To do: Every line of the listing below from the one with "This postcard booklet" up to and including the one with "Solgar Brain Works" should be retyped exactly, and nothing else; pictures are not part of the copy.

Source data:
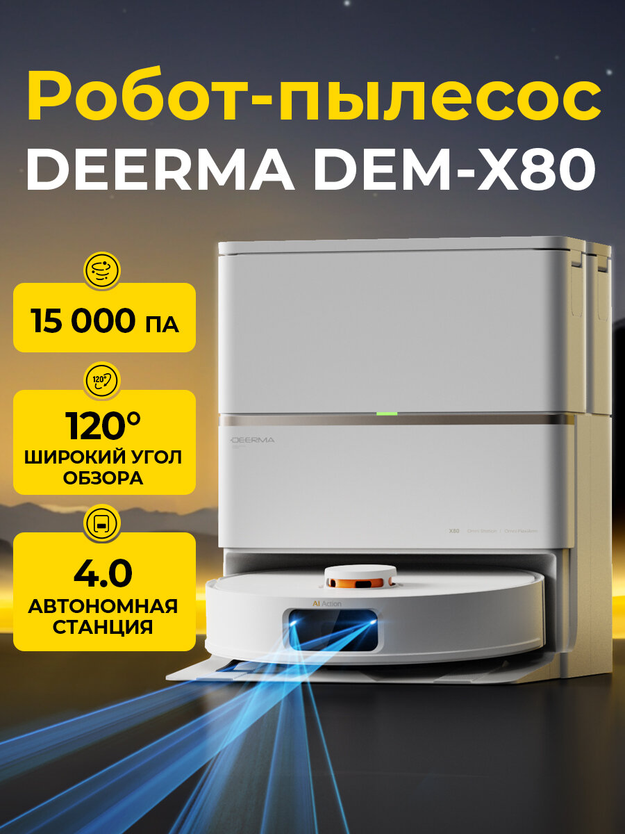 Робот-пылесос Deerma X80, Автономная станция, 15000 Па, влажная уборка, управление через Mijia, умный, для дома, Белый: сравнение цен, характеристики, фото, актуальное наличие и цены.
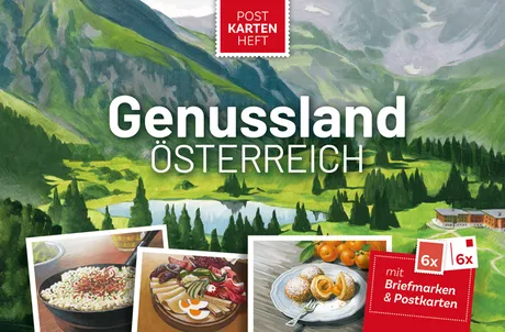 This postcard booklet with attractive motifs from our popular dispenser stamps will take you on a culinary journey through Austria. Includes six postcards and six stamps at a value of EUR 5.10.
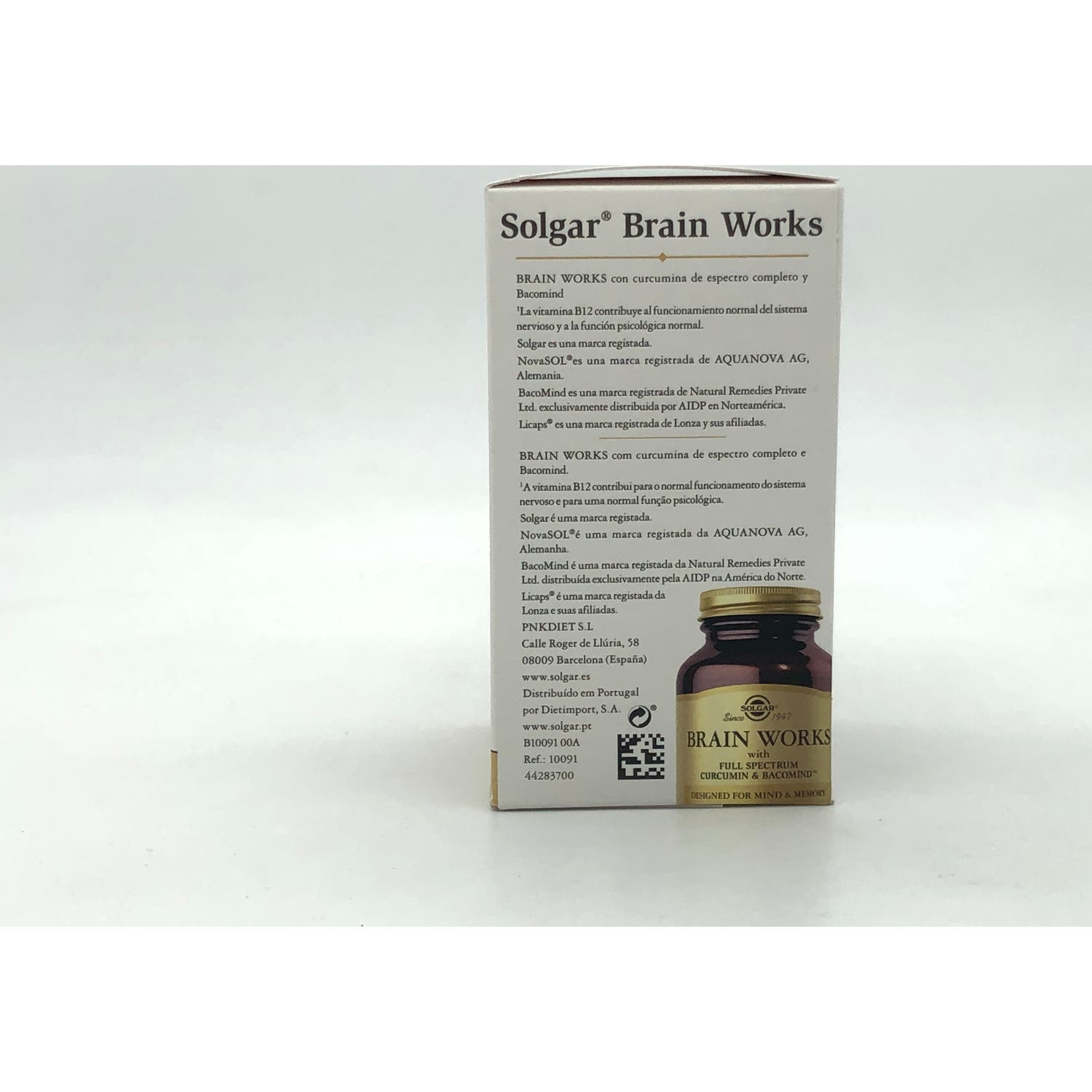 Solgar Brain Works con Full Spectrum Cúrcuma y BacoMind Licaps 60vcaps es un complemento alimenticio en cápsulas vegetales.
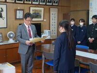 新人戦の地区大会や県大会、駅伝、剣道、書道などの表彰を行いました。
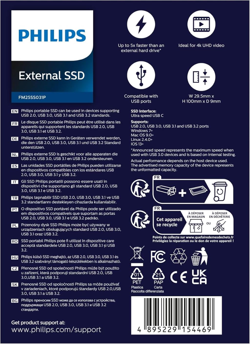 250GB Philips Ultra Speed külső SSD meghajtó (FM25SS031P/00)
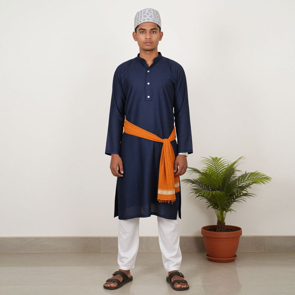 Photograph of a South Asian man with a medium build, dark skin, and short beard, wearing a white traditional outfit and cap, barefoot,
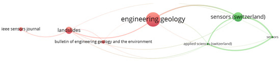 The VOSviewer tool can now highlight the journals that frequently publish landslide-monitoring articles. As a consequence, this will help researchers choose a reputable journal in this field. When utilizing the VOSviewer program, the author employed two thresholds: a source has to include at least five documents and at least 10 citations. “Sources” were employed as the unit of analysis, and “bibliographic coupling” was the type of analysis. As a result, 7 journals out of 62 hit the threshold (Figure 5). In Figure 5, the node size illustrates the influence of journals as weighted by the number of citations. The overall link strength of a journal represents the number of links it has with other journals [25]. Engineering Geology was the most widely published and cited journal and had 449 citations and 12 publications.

Written response:
 This postcard booklet with attractive motifs from our popular dispenser stamps will take you on a culinary journey through Austria. Includes six postcards and six stamps at a value of EUR 5.10.
 Solgar Brain Works con Full Spectrum Cúrcuma y BacoMind Licaps 60vcaps es un complemento alimenticio en cápsulas vegetales.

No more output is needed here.